Functioning as a culturally reflexive medium, the six feature films analysed, including Black Swan (2010) and The Machinist (2004), represent some of the most common psychological disorders and lived experiences of the contemporary era. This book enters unchartered terrain in cinema scholarship by combining clinical psychology’s Diagnostic and Statistical Manual Five (DSM-V) to organise and diagnose each character, and psychoanalysis to track the origin, mechanism and affect of the psychological disorder within the narrative trajectory of each film. Lacan’s theories on the infantile mirror phase, the Imaginary, and the Symbolic, Žižek’s theories on the Real, the big Other and the Event, and Kristeva’s theories on abjection and melancholia work in combination with the DSM’s classification of symptoms to interpret six contemporary pieces of cinema.
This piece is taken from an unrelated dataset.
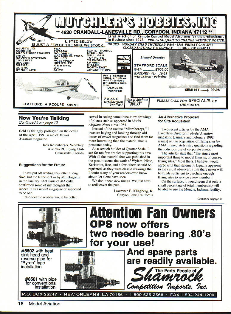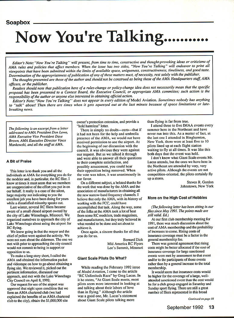 Soapbox Now Youre Talking..... Bit Praise letter thank individuals AMA everything modeler particular RC flier know times must seem members unappreciative effort put behalf really case silent large majority indicating excellent job have doing years dissatisfied minority speaks Out Last winter several RC fliers became aware small closed airport owned city Lake Winnebago Missouri organized ourselves approach city Lake Winnebago about using airport RC flying knew going mayor chief police against activity sure about aldermen met prior approaching city council would commit being support opposition us make long story short called AMA obtained information packet videotape go about obtaining flying site reviewed picked out pertinent information discussed approach met Lake Winnebago City Council April 8 1992 request use airport approved night upon condition form AMA chartered club explained benefits AMA chartered club city obtain $1000000 site owners protection extension provide hold harmless letter simply no doubtzerothat help umbrella presence AMA would have received permission use airport beginning discussion council obvious against request talked through able answer questions complete satisfaction possibly amazement could hear opposition being removed vote taken unanimously favor different subject belated thanks work done AMA association manufacturers obtaining new narrow-band frequency channels believe AMA its history working FCC could have accomplished task Along way some folks AMA took lot heat some RC modelers trade magazines manufacturers truly believed what needed done set about achieve Once again sincere thanks us Bernard Dick Mid America RC Flyers Lees Summit Missouri Giant Scale Pilots What reading February 1992 issue Model Aviation came article RC Unlimiteds Race Greg Lucas states Giant Scale meets pilots seem interested looking talking about labors love flying Although article good Mr Lucass statement about Giant Scale pilots talking flying far true attend three five IMAA events summer Northeast have never run As matter fact last attended Binghamton New York least five 10 pilots lined up flight station waiting fly times like both days event held dont know what Giant Scale events Mr Lucas attends ones have Northeast attended very very active pilots Although events competition-oriented pilots certainly fly up storm Steven R Gordon Johnstown New York High Cost Hobbies following letter has sitting files since May 1991 points made still valid Ed first club membership meeting 1991 much discussion about cost AMA membership probability increases come Rising costs insurance coverage must factor general membership fee general agreement rising costs might better allocated cost insurance coverage large sanctioned events met assessment event and/or participants events rather general increase total membership would seem insurance costs would higher coverage large wellattended sanctioned event cost would club group engaged Saturday Sunday sport flying still great number fliers represented broad Continued page 18 September 1992 13 Editors Note Now Youre Talking will present time time constructive thought-provoking ideas criticisms AMA rules policies affect members issue has two sides Now Youre Talking will endeavor print viewpoints have submitted within limits available space uniqueness constructiveness timeliness good taste Determination appropriateness publication of matters must necessity rest solely publisher thoughts presented author should construed being AMA Headquarters staff AMA officers publisher Readers should note publication rules-change policy-change idea does necessarily mean spec4fic proposal has presented Contest Board Executive Council appropriate AMA committee such action responsibility author anyone else interested obtaining official action Editors Note Now Youre Talking does appear edition Model Aviation Sometimes nobody has anything talk about times gets squeezed out last minute because space limitations latebreaking news following excerpt letter addressed AMA President Don Lowe AMA Executive Vice President Dave Brown AMA Executive Director Vince Mankowski staff AMA ILIjF \,k1 U ** 4620 CR ~7jMILISTED BELOW IS JUST FEW OF THE MFG WE STOCK A-JUSTO 110 AMS RaID ARCO RUBBERBANDS BRIDI DAVEYS SYSTEMS COVE RITE DEVCON DR EM EL DU-BRO DYNAFILITE FOX FUTABA GOLDBERG GAS MODEL PROD HALLCO HOBBYPOXY HOT STUFF K & B MPG SIG SA ITO Now Youre Talking Continued page 13 field fittingly portrayed cover April 1991 issue Model Aviation magazine Jack Rosenberger Secretary Alachua RC Flying Club Gainesville Florida Suggestions Future have put off writing letter long time letter sent Mr Hagerlin January 1991 issue MA confirmed some thoughts indeed model magazine supposed also feel readers would better served seeing some three-view drawings planes such appeared Model Airplane News circa 1955 Instead useless Microhenrys treasure buying looking through old issues model magazines find far interesting material presented today As scratch builder Quarter Scale see far too few articles supporting area material published past seems work Wylam Nieto Karlstriim Roe few others should reprinted classic drawings doubt readers know about let alone have seen dont need new things just have rediscover past Lawrence E Klingberg Jr Canyon Lake California An Alternative Proposal Site Acqusition Two recent articles AMA Executive Director Model Aviation magazine January February 1992 issues acquisition flying sites AMA immediately raise questions regarding judicious use corporate assets articles state single important thing model fliers course flying sites Most fliers believe would agree statement Equally apparent casual observer never will funds sufficient purchase enough flying sites service member surface would seem small percentage total membership will able use Muncie Indiana facility Continued page 24 #8502 heat sink head reverse pe installation #8501 pipe conventional installation Attention Fan Owners OPS now of
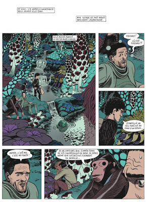 Sur une planète cyber (qui m'a évoqué celle de l'Incal) où tout le monde est implanté, Verloc ne porte rien et vit avec les avanies de son corps. Il a la quarantaine, une boutique d'antiquités, une ex-femme, une enfant autiste. Il va se retrouver embarqué, avec son frère qui a réussi, et l'étonnant garde du corps de celui-ci (un robot-singe nommé Churchill, vraiment balaise et vraiment cool) dans un voyage corporate-scientifique, à la recherche d'une substance nommée Aâma, susceptible d'avoir déclenché, sur une planète lointaine, une accélération folle de l'évolution.Il y a des trucs que Peeters réussit formidablement : la faune et la flore extraterrestre bizarre, les décors insolites et grandioses (tm), les personnages qui sonnent juste, les scènes d'actions flippantes et hallucinantes (celle qui ouvre le tome 3 est un modèle), et le fait de clôturer une série en quatre gros volumes. Et les robots singes.

By taking into consideration that origin, mechanism, affect and symptomatology are part of an interconnected group, this book explores psychological disorder as part of the human condition, something which contributes to and informs personal identity. More specifically, this research refutes the notion that psychological disorder and psychological health exist as a binary, instead recognising that what has traditionally been pathologised, may instead be viewed as variations on human identity.

Laura Stephenson is Senior Lecturer in Film at the University of Westminster, UK. In her role on the BA (Honours) Film degree she brings together the oft-divided worlds of screen theory and practice. Her research interests are driven by the notion that suffering is an integral aspect of the lived-experience, with much of her philosophical work exploring identity, trauma and the human condition through cinema and television texts. She aims to continue researching and publishing in the growing academic field of medical humanities.